= Doreen Jensen =

Canadian artist

Doreen Jensen (May 13, 1933 – September 18, 2009), also known as Ha'hl Yee, was a Gitsxan elder, artist, carver, activist and educator.

==Biography==
Born in Kispiox, British Columbia, in the House of Geel of the Fireweed Clan Jensen was "delivered by a medicine woman in her great-grandmother’s bedroom." She is the sister of Chief Walter Harris. Jensen’s "early training began in the oral history tradition, learning the language (Gitksan), songs, legends, and customs from her parents and grandparents. Her formal schooling began in a two-room day school in Kispiox.
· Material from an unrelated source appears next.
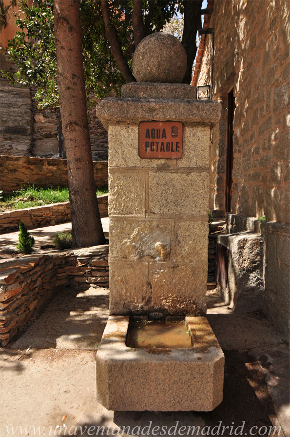 Por un lado, la Fuente está formada por un muro de mampostería, recto en la zona central y curvo hacia los laterales, dividido en dos por un pilar de sillares y flanqueado, a su vez, por otros dos pilares también de sillares, quedando los tres rematados por una estructura escalonada coronada con sendas bolas. En la parte inferior del pilar central, se sitúa una pila que, al igual que la anterior, tiene sus esquinas achaflanadas, quedando alzada sobre el nivel del suelo por un pie no demasiado alto. Sobre el único caño con que cuenta, una placa reza “DIPUTACIÓN PROVINCIAL / DE MADRID / AÑO 1958”. A ambos lados de la pila y adosados igualmente al muro, hay instalados dos bancos también de piedra.

At the age of ten she left her family to attend Alberni Residential School for two years, returning to a newly integrated public high school in Prince Rupert. After leaving high school she returned to her home territory to work." Jensen attended the Gitanmaax School of Northwest Indian Design where she learned to carve under the tutelage of Tony Hunt and Henry Hunt.

She was a founding member of the ‘Ksan Village Association, the Society of Canadian Artists of Native Ancestry, [Lattimer], s chairperson with the Gitksan and Wet'suwet'en Vancouver Support Group and served on the board of trustees of the National Museum of Nature in Ottawa and Emily Carr University, among others. Jensen taught traditional art practices at Emily Carr University of Art + Design.

She featured in the National Film Board feature by Loretta Todd, Hands of History.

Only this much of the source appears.